> [Exercise instructions]
From top to bottom, print the listing word for word and skip any pictures it contains.

> [Given data]
● ● ● ● ●
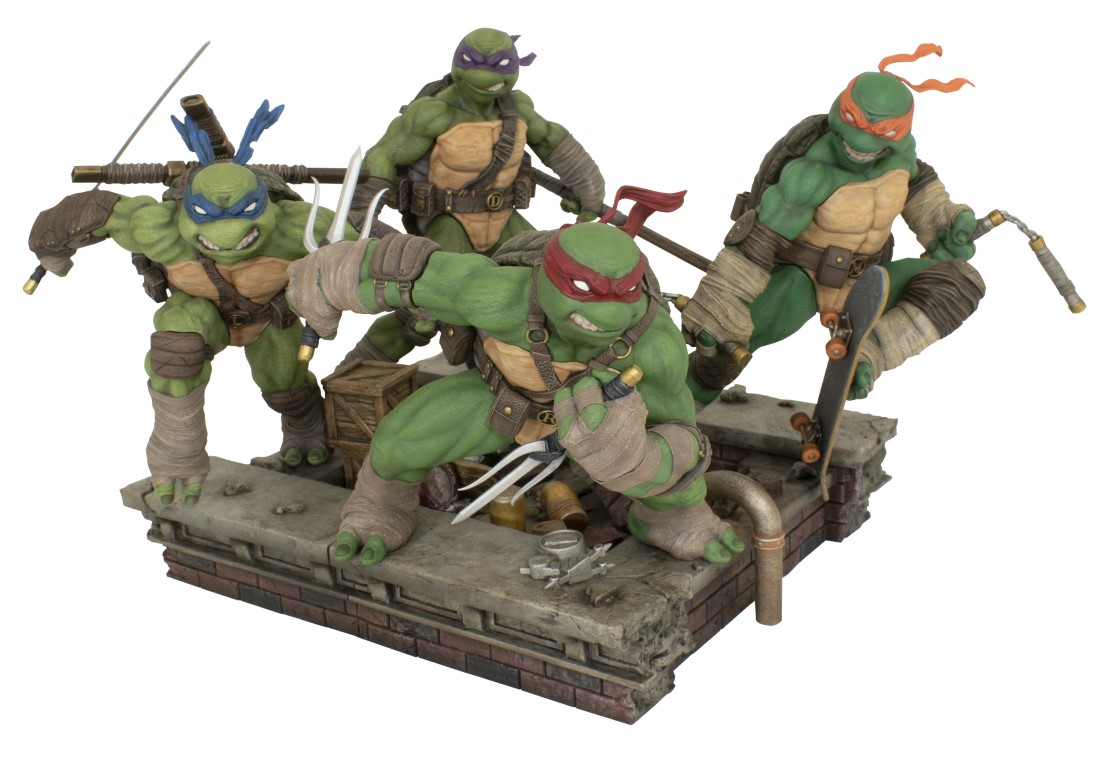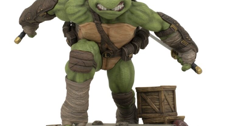 A Diamond Select Toys release! You’ve never seen the TMNT like this before! DST’s new line of dynamic Teenage Mutant Ninja Turtles Gallery Dioramas kicks off with katana-wielding leader Leonardo! Collect all four atop their rooftop bases to form one big diorama! This 9-inch diorama is made of high-quality PVC, and comes packaged in a full-color window box. Designed by David Forrest of Kinetic Underground, sculpted by Sandro Luis Sampaio! Coming next week: Raphael! SRP: $75.00
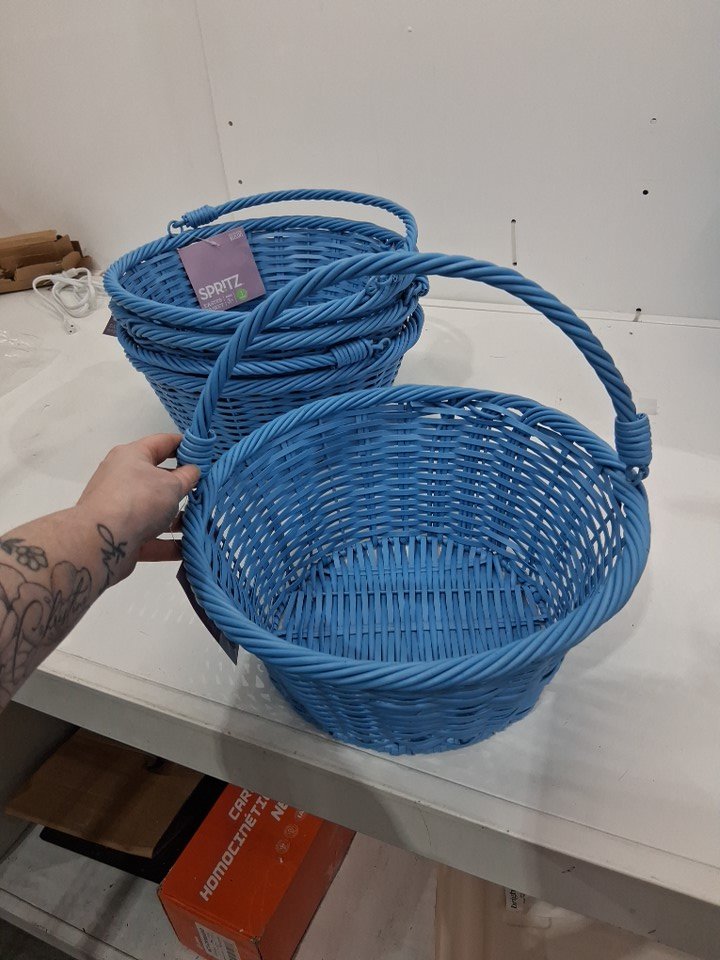 4PK spritz Willow Plastic Wicker Easter Basket - 12" - blue
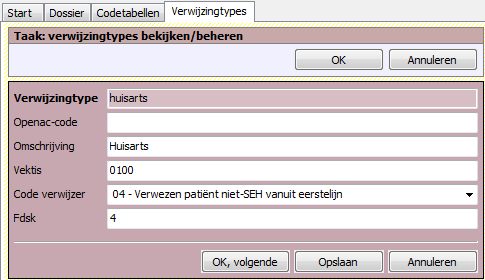 In bovenstaande schermafdruk is te zien dat verwijzingtype huisarts is gekoppeld aan code verwijzer 04. OpenAC gebruikt deze informatie om een default code verwijzer in te vullen in de verwijzing op het moment dat een verwijzer wordt gekozen:
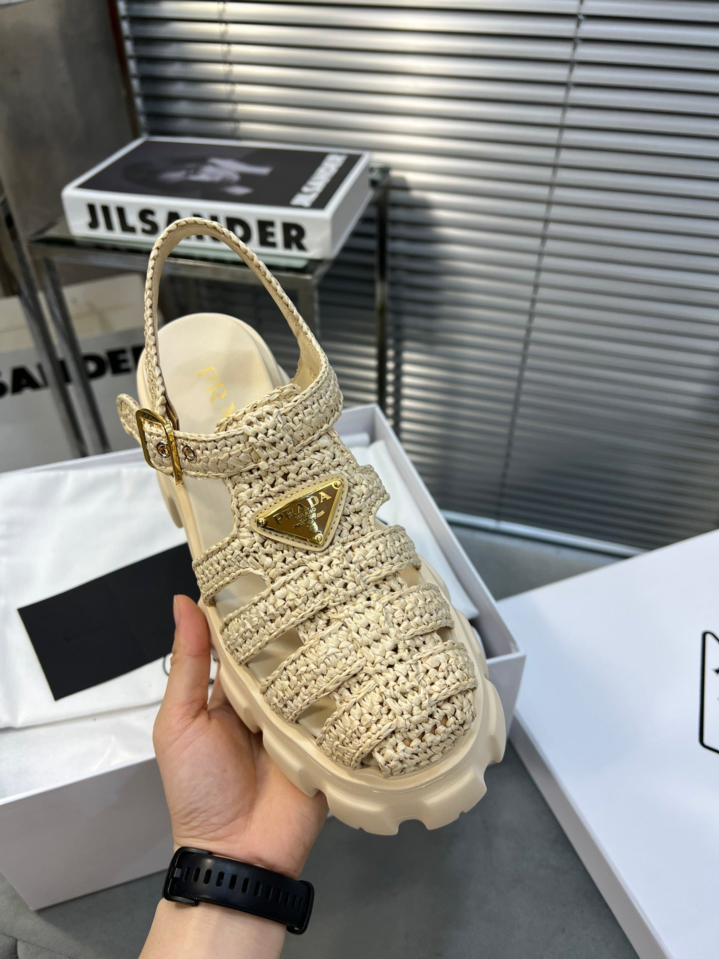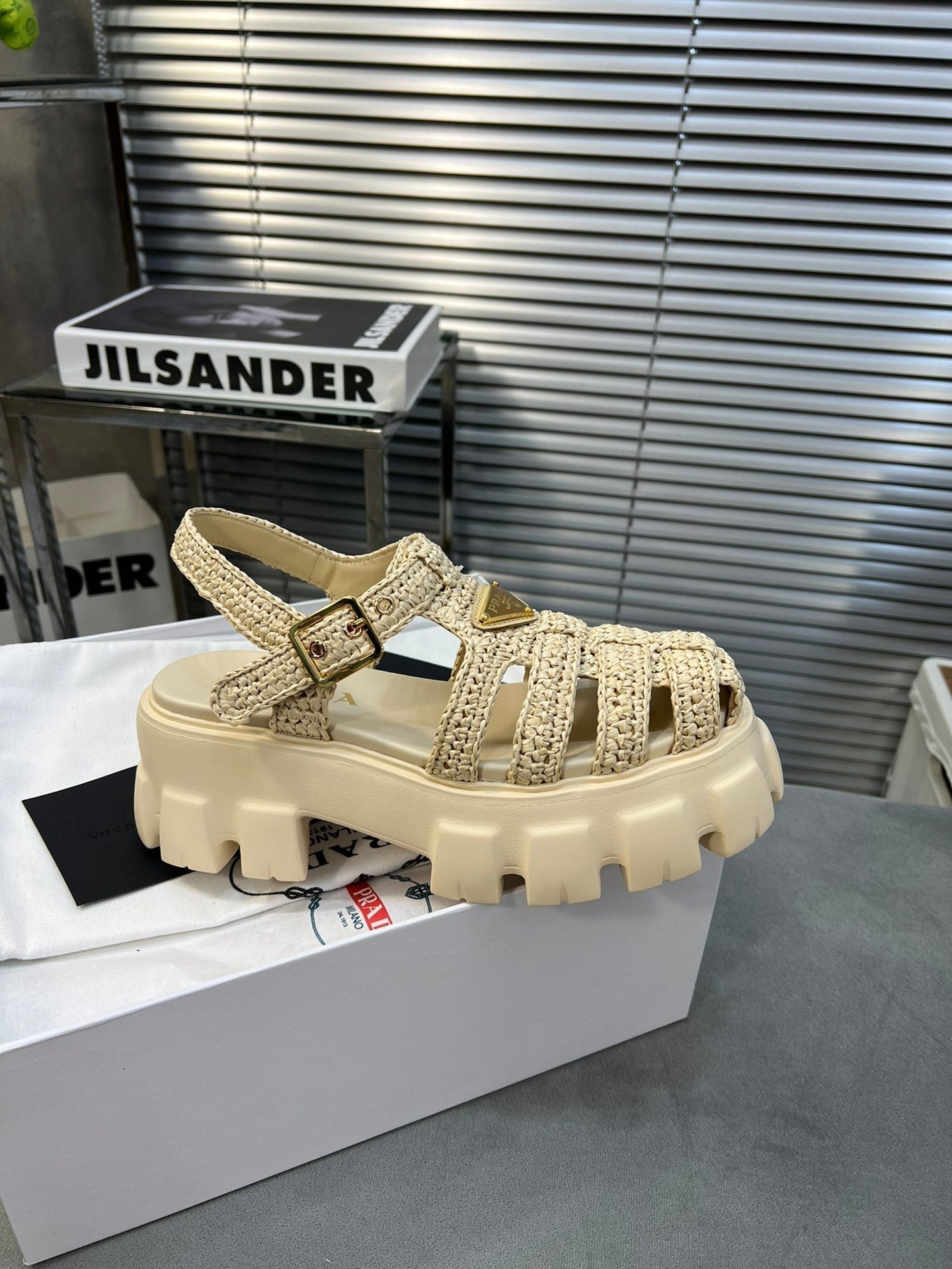 - Material: Raffia-effect yarn, Rubber Sole
● ● ● ● ●
> [Solved exercise]
 A Diamond Select Toys release! You’ve never seen the TMNT like this before! DST’s new line of dynamic Teenage Mutant Ninja Turtles Gallery Dioramas kicks off with katana-wielding leader Leonardo! Collect all four atop their rooftop bases to form one big diorama! This 9-inch diorama is made of high-quality PVC, and comes packaged in a full-color window box. Designed by David Forrest of Kinetic Underground, sculpted by Sandro Luis Sampaio! Coming next week: Raphael! SRP: $75.00
 4PK spritz Willow Plastic Wicker Easter Basket - 12" - blue
 In bovenstaande schermafdruk is te zien dat verwijzingtype huisarts is gekoppeld aan code verwijzer 04. OpenAC gebruikt deze informatie om een default code verwijzer in te vullen in de verwijzing op het moment dat een verwijzer wordt gekozen:
 - Material: Raffia-effect yarn, Rubber Sole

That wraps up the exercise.